# Data

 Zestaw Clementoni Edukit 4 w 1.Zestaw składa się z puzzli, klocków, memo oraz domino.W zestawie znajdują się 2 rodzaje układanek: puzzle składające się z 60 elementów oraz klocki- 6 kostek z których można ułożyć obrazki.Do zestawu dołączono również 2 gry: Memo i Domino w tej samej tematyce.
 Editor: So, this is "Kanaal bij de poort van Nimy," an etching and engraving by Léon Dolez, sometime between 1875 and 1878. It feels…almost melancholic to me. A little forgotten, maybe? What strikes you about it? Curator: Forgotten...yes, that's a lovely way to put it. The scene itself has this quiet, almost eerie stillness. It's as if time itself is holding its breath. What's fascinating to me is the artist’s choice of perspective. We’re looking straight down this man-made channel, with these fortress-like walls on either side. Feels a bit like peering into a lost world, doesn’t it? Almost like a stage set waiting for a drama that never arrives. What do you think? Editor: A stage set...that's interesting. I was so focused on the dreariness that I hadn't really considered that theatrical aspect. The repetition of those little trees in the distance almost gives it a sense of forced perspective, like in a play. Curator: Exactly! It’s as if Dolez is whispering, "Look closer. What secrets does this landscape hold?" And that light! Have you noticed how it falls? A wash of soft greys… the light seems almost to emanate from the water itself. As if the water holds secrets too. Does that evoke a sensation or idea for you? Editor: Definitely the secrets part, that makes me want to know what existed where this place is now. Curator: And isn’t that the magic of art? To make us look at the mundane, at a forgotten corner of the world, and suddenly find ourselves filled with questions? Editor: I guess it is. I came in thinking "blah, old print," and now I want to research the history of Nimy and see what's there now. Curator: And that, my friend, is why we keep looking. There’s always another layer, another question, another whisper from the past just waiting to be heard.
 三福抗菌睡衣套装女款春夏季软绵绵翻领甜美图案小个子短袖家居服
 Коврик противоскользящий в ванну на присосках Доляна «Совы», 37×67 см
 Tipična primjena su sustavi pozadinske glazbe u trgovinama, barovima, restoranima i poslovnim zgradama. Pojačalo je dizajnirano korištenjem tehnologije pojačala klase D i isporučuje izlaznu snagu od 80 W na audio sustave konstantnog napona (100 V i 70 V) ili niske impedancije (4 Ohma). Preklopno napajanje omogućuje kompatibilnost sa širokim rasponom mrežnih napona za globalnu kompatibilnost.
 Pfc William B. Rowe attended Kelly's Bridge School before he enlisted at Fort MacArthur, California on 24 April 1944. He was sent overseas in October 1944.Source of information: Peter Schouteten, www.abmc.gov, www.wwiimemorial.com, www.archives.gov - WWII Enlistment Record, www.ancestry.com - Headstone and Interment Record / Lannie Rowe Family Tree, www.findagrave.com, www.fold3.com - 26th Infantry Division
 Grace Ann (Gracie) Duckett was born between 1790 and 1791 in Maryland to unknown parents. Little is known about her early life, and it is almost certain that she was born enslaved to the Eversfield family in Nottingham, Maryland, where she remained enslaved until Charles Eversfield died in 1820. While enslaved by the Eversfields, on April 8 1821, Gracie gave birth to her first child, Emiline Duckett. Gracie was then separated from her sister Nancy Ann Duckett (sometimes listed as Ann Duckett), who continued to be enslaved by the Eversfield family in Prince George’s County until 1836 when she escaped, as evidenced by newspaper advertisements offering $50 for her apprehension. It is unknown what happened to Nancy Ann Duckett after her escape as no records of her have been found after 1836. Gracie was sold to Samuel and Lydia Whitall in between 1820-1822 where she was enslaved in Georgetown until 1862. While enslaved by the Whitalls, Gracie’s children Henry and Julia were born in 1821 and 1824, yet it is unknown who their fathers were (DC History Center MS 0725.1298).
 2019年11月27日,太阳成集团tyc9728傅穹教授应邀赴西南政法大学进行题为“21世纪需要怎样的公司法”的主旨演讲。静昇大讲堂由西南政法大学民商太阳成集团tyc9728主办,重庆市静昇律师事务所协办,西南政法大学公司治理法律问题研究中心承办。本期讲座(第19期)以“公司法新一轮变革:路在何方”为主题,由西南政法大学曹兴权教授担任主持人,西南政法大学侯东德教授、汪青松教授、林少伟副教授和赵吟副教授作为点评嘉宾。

# The task
When you restate the listing, keep each line identical to the original.

# Exercise output
 Zestaw Clementoni Edukit 4 w 1.Zestaw składa się z puzzli, klocków, memo oraz domino.W zestawie znajdują się 2 rodzaje układanek: puzzle składające się z 60 elementów oraz klocki- 6 kostek z których można ułożyć obrazki.Do zestawu dołączono również 2 gry: Memo i Domino w tej samej tematyce.
 Editor: So, this is "Kanaal bij de poort van Nimy," an etching and engraving by Léon Dolez, sometime between 1875 and 1878. It feels…almost melancholic to me. A little forgotten, maybe? What strikes you about it? Curator: Forgotten...yes, that's a lovely way to put it. The scene itself has this quiet, almost eerie stillness. It's as if time itself is holding its breath. What's fascinating to me is the artist’s choice of perspective. We’re looking straight down this man-made channel, with these fortress-like walls on either side. Feels a bit like peering into a lost world, doesn’t it? Almost like a stage set waiting for a drama that never arrives. What do you think? Editor: A stage set...that's interesting. I was so focused on the dreariness that I hadn't really considered that theatrical aspect. The repetition of those little trees in the distance almost gives it a sense of forced perspective, like in a play. Curator: Exactly! It’s as if Dolez is whispering, "Look closer. What secrets does this landscape hold?" And that light! Have you noticed how it falls? A wash of soft greys… the light seems almost to emanate from the water itself. As if the water holds secrets too. Does that evoke a sensation or idea for you? Editor: Definitely the secrets part, that makes me want to know what existed where this place is now. Curator: And isn’t that the magic of art? To make us look at the mundane, at a forgotten corner of the world, and suddenly find ourselves filled with questions? Editor: I guess it is. I came in thinking "blah, old print," and now I want to research the history of Nimy and see what's there now. Curator: And that, my friend, is why we keep looking. There’s always another layer, another question, another whisper from the past just waiting to be heard.
 三福抗菌睡衣套装女款春夏季软绵绵翻领甜美图案小个子短袖家居服
 Коврик противоскользящий в ванну на присосках Доляна «Совы», 37×67 см
 Tipična primjena su sustavi pozadinske glazbe u trgovinama, barovima, restoranima i poslovnim zgradama. Pojačalo je dizajnirano korištenjem tehnologije pojačala klase D i isporučuje izlaznu snagu od 80 W na audio sustave konstantnog napona (100 V i 70 V) ili niske impedancije (4 Ohma). Preklopno napajanje omogućuje kompatibilnost sa širokim rasponom mrežnih napona za globalnu kompatibilnost.
 Pfc William B. Rowe attended Kelly's Bridge School before he enlisted at Fort MacArthur, California on 24 April 1944. He was sent overseas in October 1944.Source of information: Peter Schouteten, www.abmc.gov, www.wwiimemorial.com, www.archives.gov - WWII Enlistment Record, www.ancestry.com - Headstone and Interment Record / Lannie Rowe Family Tree, www.findagrave.com, www.fold3.com - 26th Infantry Division
 Grace Ann (Gracie) Duckett was born between 1790 and 1791 in Maryland to unknown parents. Little is known about her early life, and it is almost certain that she was born enslaved to the Eversfield family in Nottingham, Maryland, where she remained enslaved until Charles Eversfield died in 1820. While enslaved by the Eversfields, on April 8 1821, Gracie gave birth to her first child, Emiline Duckett. Gracie was then separated from her sister Nancy Ann Duckett (sometimes listed as Ann Duckett), who continued to be enslaved by the Eversfield family in Prince George’s County until 1836 when she escaped, as evidenced by newspaper advertisements offering $50 for her apprehension. It is unknown what happened to Nancy Ann Duckett after her escape as no records of her have been found after 1836. Gracie was sold to Samuel and Lydia Whitall in between 1820-1822 where she was enslaved in Georgetown until 1862. While enslaved by the Whitalls, Gracie’s children Henry and Julia were born in 1821 and 1824, yet it is unknown who their fathers were (DC History Center MS 0725.1298).
 2019年11月27日,太阳成集团tyc9728傅穹教授应邀赴西南政法大学进行题为“21世纪需要怎样的公司法”的主旨演讲。静昇大讲堂由西南政法大学民商太阳成集团tyc9728主办,重庆市静昇律师事务所协办,西南政法大学公司治理法律问题研究中心承办。本期讲座(第19期)以“公司法新一轮变革:路在何方”为主题,由西南政法大学曹兴权教授担任主持人,西南政法大学侯东德教授、汪青松教授、林少伟副教授和赵吟副教授作为点评嘉宾。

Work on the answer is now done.